TOUGHNESS IS BACK IN VOGUE

 

The political class of any significant country, one where the management of foreign policy has significant financial costs, where foreign policy can have appreciable impacts on trade and business, and where the negotiation of agreements/conventions/treaties of all sorts is an integral part of the country’s interactions with others, has to adopt a position on foreign relations that is congruent with its behavior at home. It is no accident, then, that individuals, political parties, and movements (that may or may not be well organized, and that may or may not endure over lengthy periods of time) today criticize bitterly the casta for their behavior in home affairs and in foreign affairs.

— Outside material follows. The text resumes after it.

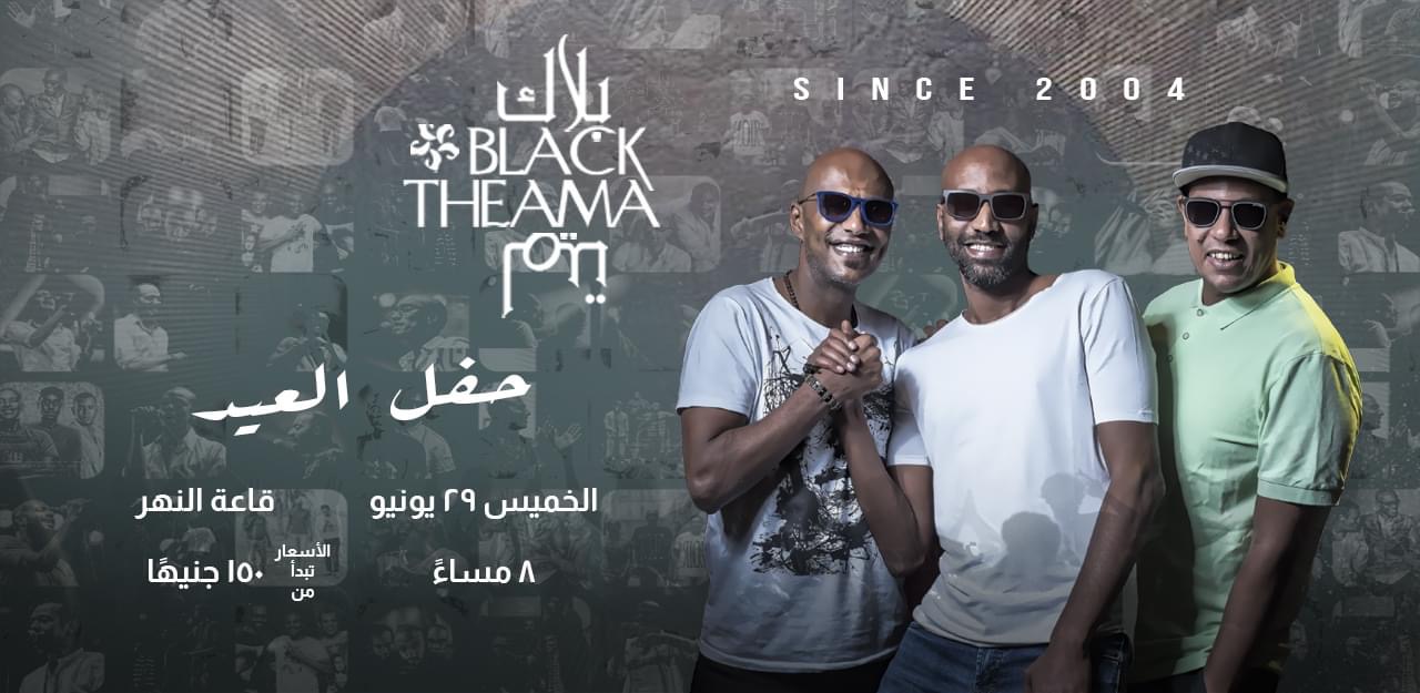 يحيي فريق بلاك تيما حفلا غنائيا مميزا في تمام الثامنة من مساء يوم الخميس 29 يونيو الجاري، والذي يوافق ثاني أيام عيد الأضحى المبارك فلكيا، وذلك على مسرح قاعة النهر بساقية الصاوي بالزمالك.

What we now seem to have, pretty much everywhere in US and Europe, are political situations characterized by an incredible, and toxic, mix of views in which the notion that “our country must become itself again” coexists with the desire to obtain the most from an open global economy. The casta are seen as those who have profited from the global dimension but have paid scant attention to their own people. Put simply, those who are allegedly a country’s representatives are in fact precisely those who have least regard for their country. The cast of the Panama Papers could all happily stay there and the inhabitants of the countries they allegedly represent would all be better off. The “new actors” (Trump, Marianne Le Pen, Petry, Farage and many others) project themselves as the true defenders of their countries, a role usurped by the casta.